● Problem to work on
Each line below from the line with "El cicle tractarà" to the line with "28308, 550-2502, 550-3008" must be copied exactly, including those two, and no picture may appear in the copy.

● Recorded data
- - -

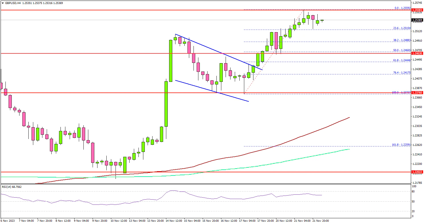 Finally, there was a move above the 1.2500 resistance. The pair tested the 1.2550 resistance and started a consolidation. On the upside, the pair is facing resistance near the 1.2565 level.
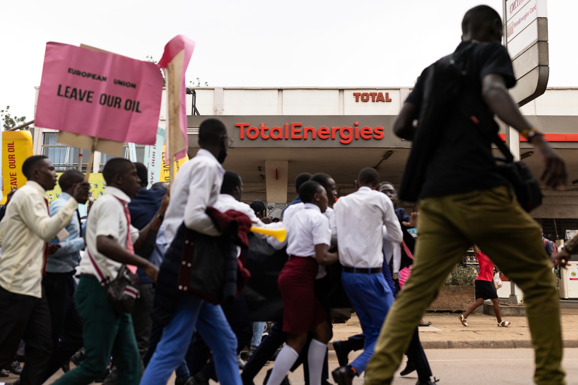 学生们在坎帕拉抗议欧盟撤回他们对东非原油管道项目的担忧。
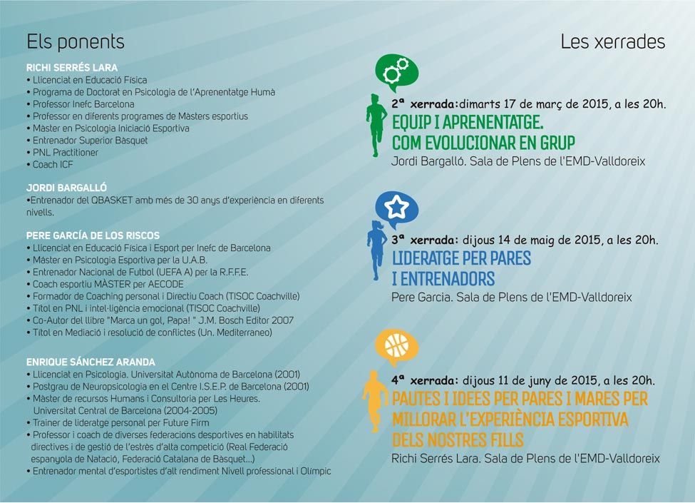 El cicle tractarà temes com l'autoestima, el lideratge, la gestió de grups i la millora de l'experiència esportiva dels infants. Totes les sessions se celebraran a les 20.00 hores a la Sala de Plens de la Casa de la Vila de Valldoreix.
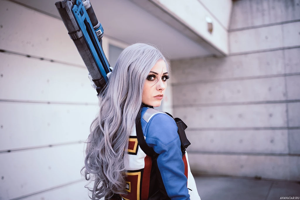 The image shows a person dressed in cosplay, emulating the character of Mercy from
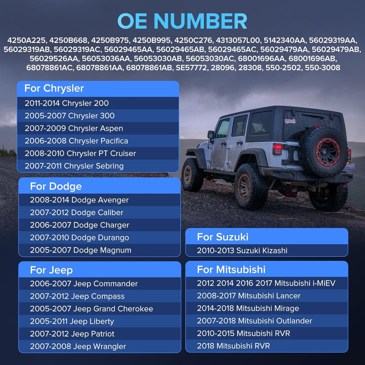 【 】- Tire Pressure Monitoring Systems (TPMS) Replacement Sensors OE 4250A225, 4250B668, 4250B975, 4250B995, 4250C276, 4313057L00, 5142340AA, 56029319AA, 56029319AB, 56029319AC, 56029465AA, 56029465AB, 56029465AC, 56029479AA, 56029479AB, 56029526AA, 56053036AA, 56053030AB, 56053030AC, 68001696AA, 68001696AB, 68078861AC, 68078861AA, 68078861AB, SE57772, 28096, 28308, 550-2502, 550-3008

- - -

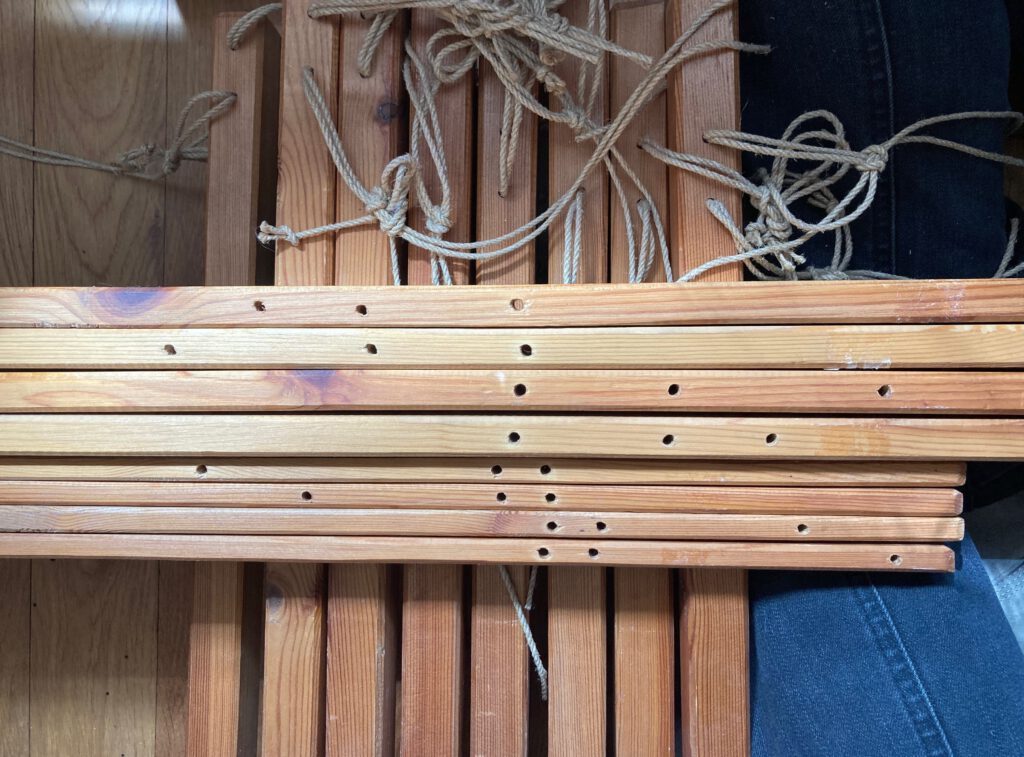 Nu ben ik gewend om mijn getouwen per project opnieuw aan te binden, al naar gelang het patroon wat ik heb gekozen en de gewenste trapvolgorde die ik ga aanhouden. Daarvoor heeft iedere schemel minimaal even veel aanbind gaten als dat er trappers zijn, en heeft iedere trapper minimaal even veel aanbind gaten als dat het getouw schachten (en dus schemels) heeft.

- - -

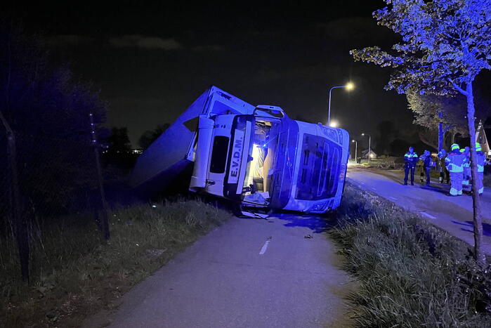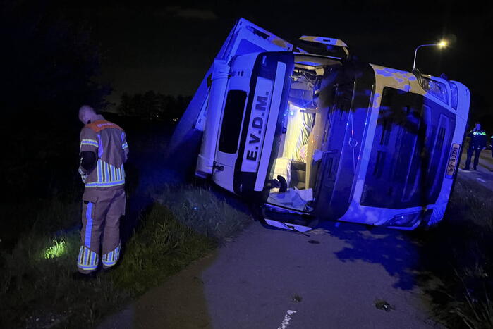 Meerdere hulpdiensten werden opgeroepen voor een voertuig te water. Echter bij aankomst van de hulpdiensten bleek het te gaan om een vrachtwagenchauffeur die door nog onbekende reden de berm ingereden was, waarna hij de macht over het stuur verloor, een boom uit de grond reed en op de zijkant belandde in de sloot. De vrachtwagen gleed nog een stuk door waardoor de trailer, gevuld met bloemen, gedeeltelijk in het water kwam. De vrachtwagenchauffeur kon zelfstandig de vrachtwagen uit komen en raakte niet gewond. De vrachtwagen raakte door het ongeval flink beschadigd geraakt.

- - -

● Exercise result
 El cicle tractarà temes com l'autoestima, el lideratge, la gestió de grups i la millora de l'experiència esportiva dels infants. Totes les sessions se celebraran a les 20.00 hores a la Sala de Plens de la Casa de la Vila de Valldoreix.
 The image shows a person dressed in cosplay, emulating the character of Mercy from
 【 】- Tire Pressure Monitoring Systems (TPMS) Replacement Sensors OE 4250A225, 4250B668, 4250B975, 4250B995, 4250C276, 4313057L00, 5142340AA, 56029319AA, 56029319AB, 56029319AC, 56029465AA, 56029465AB, 56029465AC, 56029479AA, 56029479AB, 56029526AA, 56053036AA, 56053030AB, 56053030AC, 68001696AA, 68001696AB, 68078861AC, 68078861AA, 68078861AB, SE57772, 28096, 28308, 550-2502, 550-3008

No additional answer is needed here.